When the court understands the Constitution as instituting limited government--through its specification of both enumerated powers and enumerated and unenumerated rights--most political questions are answered in the negative. Thus when someone complains that “we” haven’t the authority to do something, or that doing so violates rights, the court has to take those complaints seriously. That’s what it means to live in a constitutional democracy.

For better than a century, that juridical mind-set served an extraordinarily useful function. It kept government limited. We didn’t seek public solutions to private problems, because when we did, the court usually said no . That kept the political wrangling that inevitably goes with public solutions out of court. And that kept the court largely from being politicized.

All of that began to change with the Progressive Era. Modern liberals, forgetting their roots in limited government, started looking to the state to solve a host of “social” problems. Today, we hardly think twice about asking what “we” should do about day care, medical costs, auto imports--indeed, sexual harassment. At the turn of the century, those kinds of questions were novel. And when they arose, the court was still there, saying no .

With the New Deal, however, the pressure to turn the Constitution on its head--to find unenumerated powers restrained only by enumerated rights--grew until even the judiciary succumbed. Once the judicial floodgates were opened, public law poured through. Thus everything today is a political question. Everything, sooner or later, is a judicial question. And every court in the land is politicized.
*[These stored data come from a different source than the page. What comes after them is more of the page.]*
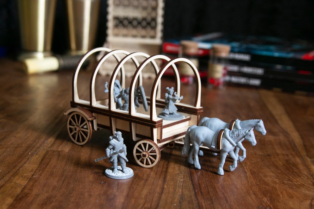 Wagon With 3d Printed Horses Kit Wooden Laser Cut Dungeons Etsy New Zealand
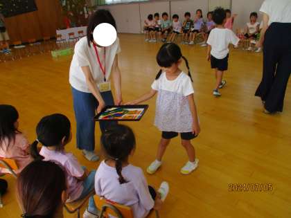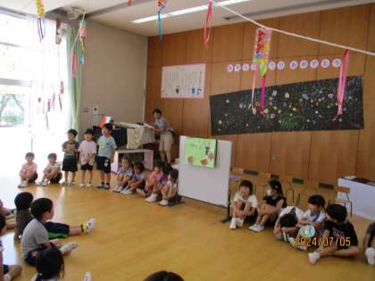 5歳児、4歳児、ちゅーりっぷクラブの6月・7月誕生会・七夕遊びをし、誕生児は七夕のお供えを持って入場しました。
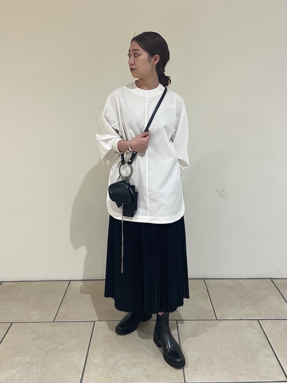 ●身長:156cm ●普段サイズ:1 【サイズ感】 シャツもスカートも普段サイズでぴったりです。 【素材感】 シャツは硬めの生地でハリがあります。 【コーディネートポイント】 〈HYKE〉で固めてみました。
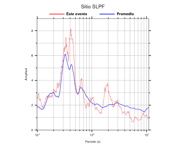 mayores a 0.4 s). En este informe se grafica tanto el efecto de sitio del sismo registrado como el valor promedio en cada estación. El ajuste no debe ser exacto ya que el valor promedio es más representativo de la respuesta del suelo que un solo evento. Sin embargo, se deben notar características generales como máximos y mínimos de amplificación aproximadamente en los mismos valores de período. |

When Senate Democrats ask for a nominee who will not “politicize” the court, therefore, they are asking for someone who will allow this process to continue. That was what Sen. Joseph R. Biden Jr. meant when he told Judge Thomas that we cannot afford to compensate property owners for all the regulations we impose--that we cannot afford to enforce the Fifth Amendment. It seems not to have occurred to the good senator that, equity aside, it was precisely to restrain the growth of government that the Founders wrote the Fifth Amendment to begin with.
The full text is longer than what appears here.